**DATASET EXTRACT**
§

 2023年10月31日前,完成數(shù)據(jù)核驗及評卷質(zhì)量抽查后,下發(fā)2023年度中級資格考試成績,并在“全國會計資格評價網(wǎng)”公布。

§

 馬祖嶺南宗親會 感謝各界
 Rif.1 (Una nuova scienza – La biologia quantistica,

§

**GOAL OF THE EXERCISE**
Would you print exactly, and only, the lines of the data above from the line with "馬祖嶺南宗親會 感謝各界" through the line with "Rif.1 (Una nuova", inclusive?

**THE COMPLETED TASK**
 馬祖嶺南宗親會 感謝各界
 Rif.1 (Una nuova scienza – La biologia quantistica,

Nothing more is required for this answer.